**WHAT TO DO**
Retype exactly the lines below, starting with the line that contains "H-E-B Organics ·" and ending with the last line; leave out any pictures.

· · · · · · ·

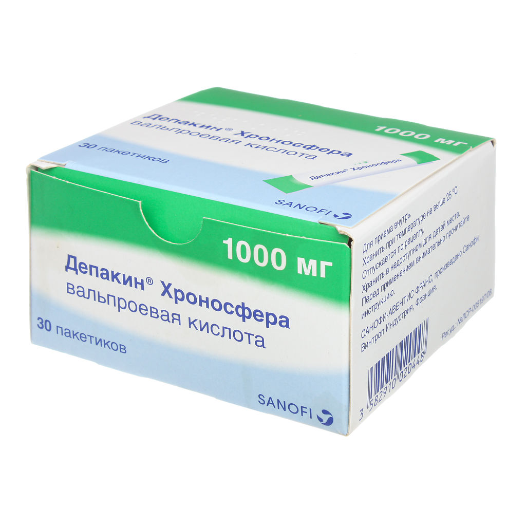 Депакин® Хроносфера представляет собой гранулы с пролонгированным высвобождением, обеспечивающие более равномерные концентрации вальпроевой кислоты в крови и, соответственно, более равномерное в течение суток ее распределение в тканях.
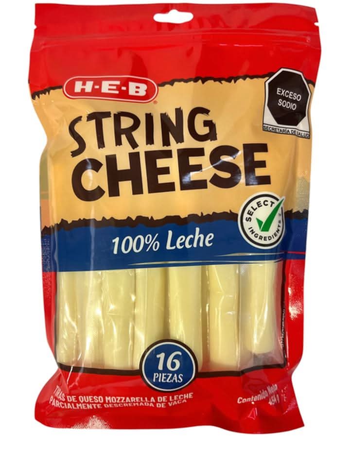 H-E-B Organics · String cheese tiras de queso mozarella (16 un)
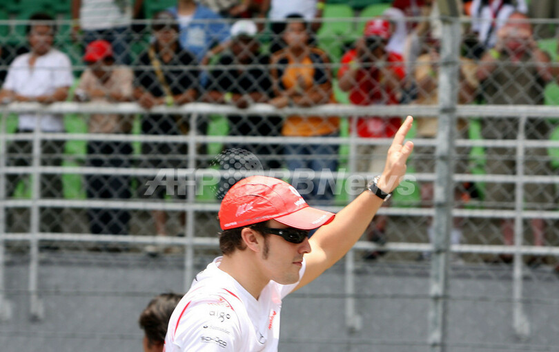 【クアラルンプール/マレーシア 8日 AFP】F1・2007年シーズン第2戦・マレーシアGP(Malaysian Grand Prix 2007)、決勝。レース前にパレードが行われ、ドライバーたちがクラシックカーやスポーツカーに乗って登場した。写真は、2番グリッドからスタートするマクラーレン・メルセデス(McLaren-Mercedes)のフェルナンド・アロンソ(Fernando Alonso)。(c)AFP/TEH ENG KOON
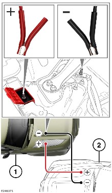 The P300 and P525 use the same method as the P400/D200/D250/D300/D350 MHEVs - use the terminals under the hood. All JLR products are like this, as none have the battery in the engine bay.
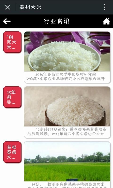 贵州大米app是一款网络购物应用,是掌晟时代科技打造的移动服务平台。在贵州大米app中你可了解大米信息,查阅供求信息,以及在线选购商品等。

· · · · · · ·

**ANSWER BOX**
 H-E-B Organics · String cheese tiras de queso mozarella (16 un)
 【クアラルンプール/マレーシア 8日 AFP】F1・2007年シーズン第2戦・マレーシアGP(Malaysian Grand Prix 2007)、決勝。レース前にパレードが行われ、ドライバーたちがクラシックカーやスポーツカーに乗って登場した。写真は、2番グリッドからスタートするマクラーレン・メルセデス(McLaren-Mercedes)のフェルナンド・アロンソ(Fernando Alonso)。(c)AFP/TEH ENG KOON
 The P300 and P525 use the same method as the P400/D200/D250/D300/D350 MHEVs - use the terminals under the hood. All JLR products are like this, as none have the battery in the engine bay.
 贵州大米app是一款网络购物应用,是掌晟时代科技打造的移动服务平台。在贵州大米app中你可了解大米信息,查阅供求信息,以及在线选购商品等。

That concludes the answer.